# Autonomous Pipeline — kill-switch design

Source: `~/.claude/skills/perea-research-engine/SKILL.md`, "Safety gates" section.

## The rule

> **Per-paper kill switch:** if `ticks_in_phase` exceeds 20 in `verifying`, set state to `blocked` and surface a one-line note in `log.md`. Prevents stuck papers from burning ticks.

## How it works

Each phase tracks a per-paper counter `ticks_in_phase`. It increments when:
- A tick is invoked for that paper
- In the current phase
- Without advancing to the next phase

It resets when:
- The paper successfully advances to the next phase
- The paper is moved to `blocked` by the kill-switch

When `ticks_in_phase` reaches the threshold (20 for `verifying`), the engine writes `state.phase = "blocked"` and writes a one-line note to `log.md`:

```
2026-MM-DD HH:MM | tick #N | kill-switch | <slug> blocked after 20 ticks in verifying
```

Subsequent ticks skip the blocked paper when scanning for the active paper.
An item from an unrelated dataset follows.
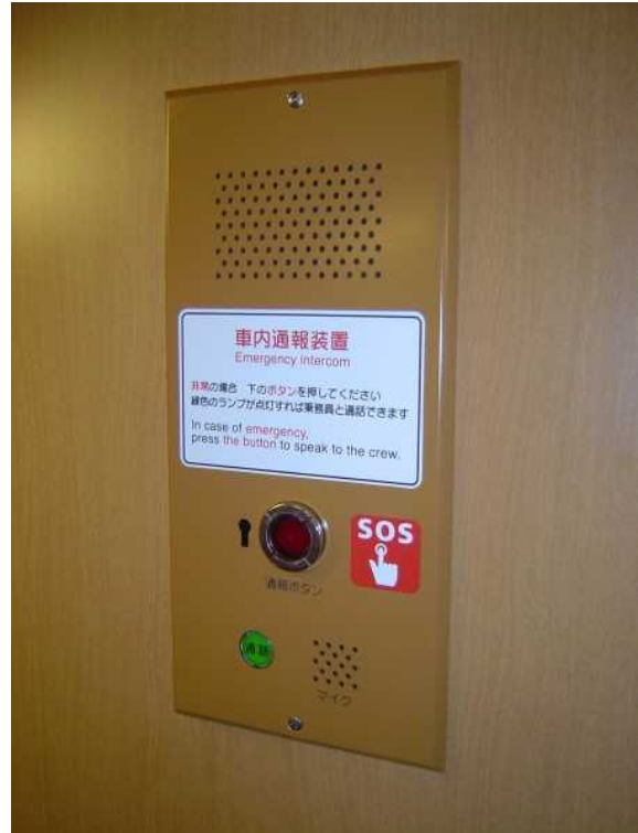
近鉄26000系「さくらライナー」の 車いす対応座席の壁側に設置された インターホン式の車内通報装置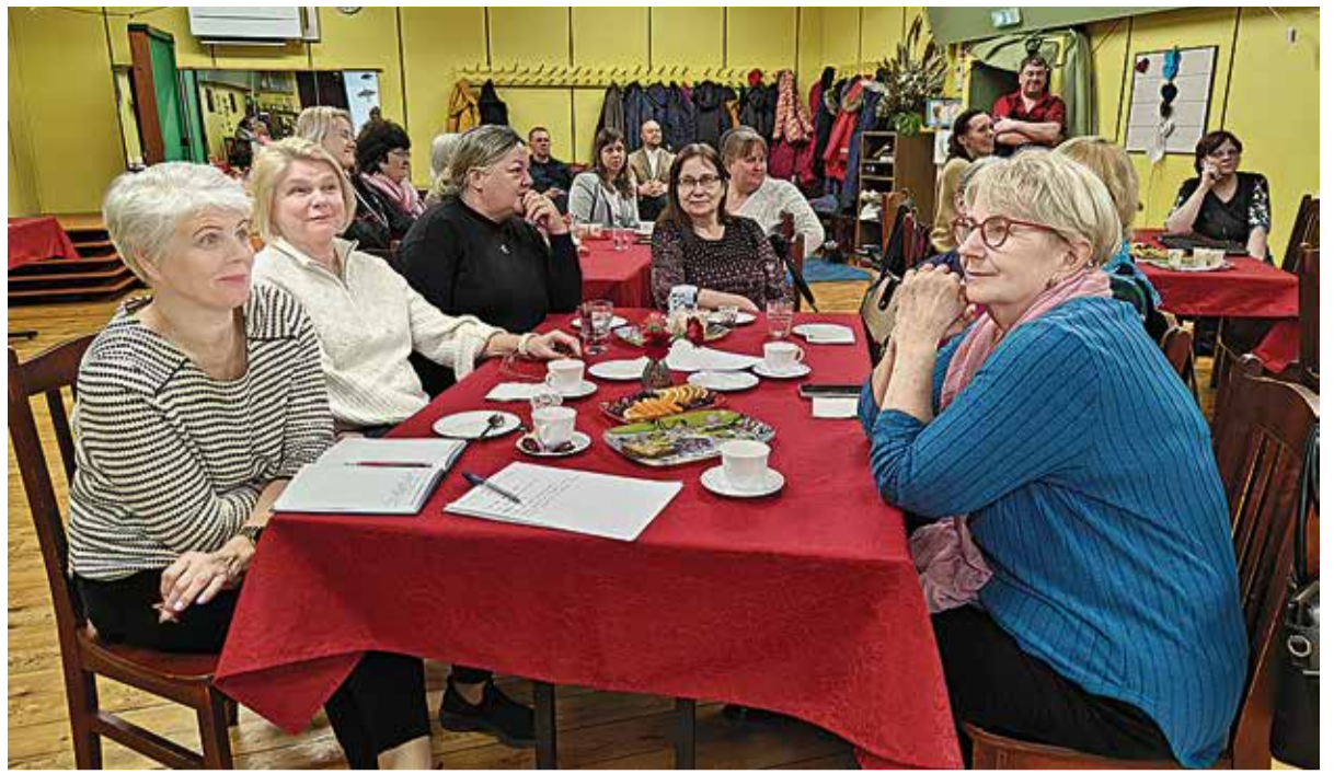
Laudkonnas olevad Leie, Vissuvere ja Valma külade esindajad on kogukonnapäeva aktiivsed külalastajad.

Päev, mis ei väsita, ei ole täiuslik päev, kus miski ei lähe valesti. See on päev, kus sa lubad endal olla inimene, mitte lõputu masin – ja kohtled oma energiat kui piiratud, aga hoolitsemist väärt ressursi.

The backlog scan picks a different paper to promote to active.

## Why this matters

Without a kill-switch, a paper that fails to verify (e.g., because its source mix can't satisfy the tier quota for its profile) would block the entire engine. Every tick would attempt to advance the same paper, hit the same failure, and burn the tick budget without progress.

With the kill-switch, the engine drops the stuck paper after a bounded number of tries and picks something else from the backlog. Operator review is then required to resolve the block — usually a content fix (the paper needs more primary sources) or an engine update (the profile quota was too aggressive).

## Threshold tuning

The threshold of 20 was chosen empirically. Lower thresholds (5–10) caused false blocks during long verify-fail-fix cycles where the author was iterating. Higher thresholds (50+) let the engine burn too much budget before noticing.

The threshold is per-phase. `verifying` uses 20 because it's the phase where iteration is normal. Other phases use lower thresholds because they should rarely loop (e.g., `staging` is essentially a commit — looping there indicates a real issue).

## Recovery

When a paper is `blocked`, operator review proceeds via:

1. Read the last few entries in `log.md` for the blocked slug.
2. Inspect the paper's `state.json` for the diagnostic.
3. Either fix the content (re-run the failing phase manually) or update the engine's quota / verifier prompt.
4. Move the paper back to `verifying` by editing `state.json`.

The next tick picks it up and resumes from where it left off. There is no "unblock" command in the SKILL — operator inspection is required because the block is signal of a real problem.

## What the kill-switch is NOT

- It is not a retry mechanism. It is a giving-up mechanism.
- It is not a circuit breaker that resets after time. The block persists until operator intervention.
- It is not specific to verifying. It applies to any phase, but `verifying` is where it fires most often.